Клад… Наверное, он с Тёмой и Родиком действительно нашли клад. Только не в золоте было здесь дело, а в чем-то другом. Но в чем? Этого Антон понять не мог.
И он начал читать книгу не бегло, не с середины, а с самого начала. Мемуары были предназначены не для печати, а были адресованы Александром Владимировичем своему младшему сыну Георгию, родившемуся в России, но уже в раннем детстве оказавшемуся на чужбине.

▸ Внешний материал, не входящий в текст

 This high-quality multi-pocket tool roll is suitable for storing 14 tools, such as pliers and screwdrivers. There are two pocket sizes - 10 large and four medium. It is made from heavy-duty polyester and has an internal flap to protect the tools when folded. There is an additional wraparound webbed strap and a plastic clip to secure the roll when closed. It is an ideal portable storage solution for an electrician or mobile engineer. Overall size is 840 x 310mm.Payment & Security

"Мой дорогой мальчик, ты родился в Москве одиннадцать лет назад и провел первые годы своей жизни в дорогом для нас Петровском, в нашем милом старом доме. В это время свирепствовала война, потом пришла революция со всеми ее ужасами, а затем гражданская война с террором, голодом и страданиями. В 1917 году тебе было всего 18 месяцев. Ты, конечно, не понимал, что недостаток еды – меньше сахара, более грубый хлеб и жидкое молоко – были символами величайшей катастрофы в современной истории, изменившей судьбу твоей страны, твоих родителей и твою собственную судьбу.
Я начал эти записки не только для удовлетворения твоей любознательности. Чтобы познать себя, очень важно, необходимо знать свои корни, людей, которые оказали на нас влияние в детстве, места, где мы родились и где прожили первые годы нашей жизни. Твои старшие брат и сестра оставили Россию в годы, которые они уже помнили. У тебя не было этого преимущества, и я попробую рассказать тебе о нашей прошлой жизни, наших родителях и предках…"

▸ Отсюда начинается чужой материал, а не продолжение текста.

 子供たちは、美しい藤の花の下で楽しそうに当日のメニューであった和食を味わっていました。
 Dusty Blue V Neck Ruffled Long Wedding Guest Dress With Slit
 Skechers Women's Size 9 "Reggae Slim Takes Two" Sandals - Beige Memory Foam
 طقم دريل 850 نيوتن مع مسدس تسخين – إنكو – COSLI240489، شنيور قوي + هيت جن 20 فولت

Дверь открылась и в палату вошла пожилая сестра-хозяйка с ведром и шваброй в руке. Она хотела было спросить у мальчика, как он себя чувствует, но Антон с таким увлечением читал какую-то старую книгу в потертом матерчатом переплете, что она осторожно, чтобы не шуметь, вымыла пол и тихонько ушла. Антон даже не заметил этого и продолжал читать, испытывая совершенно необычное чувство, словно записки князя Голицына были адресованы именно ему.

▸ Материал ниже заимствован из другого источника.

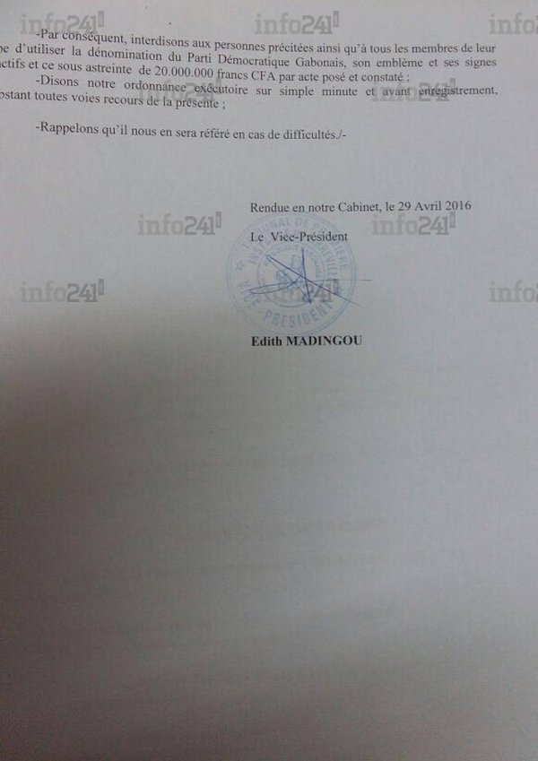 Selon l’ordonnance du tribunal signée de la vice-présidente du tribunal de première instance de Libreville, Edith Madingou, interdiction a été faite à Hugues Alexandre Barro Chambrier, Michel Menga M’Essone et Jonathan Ingnoumba ainsi qu’à tous les membres de leur équipe « d’utiliser la dénomination du Parti démocratique gabonais, son emblème et ses signes distinctifs ».

"Если правда, что место, где человек родился и провел большую часть своей жизни, накладывает глубокий отпечаток на его личность, характер, вкусы и даже ум, то наша семья может служить тому примером.
На нас, так же как и на старшее поколение нашей ветви Голицыных, оказало глубокое влияние то место, мы прожили лучшие годы своей жизни. Я говорю о нашем милом старом поместье Петровском, расположенном в сорока верстах на запад от Москвы. Как мы все любили его! И не только за красоту окрестностей и усадебного дома, но и за то неуловимое, чем дышали стены, книги, картины, зеленые лужайки, рощи, за то, что позволяло чувствовать себя нравственно лучше, заставляло ум работать быстрее и давало возможность погружаться в атмосферу давно прошедших времен.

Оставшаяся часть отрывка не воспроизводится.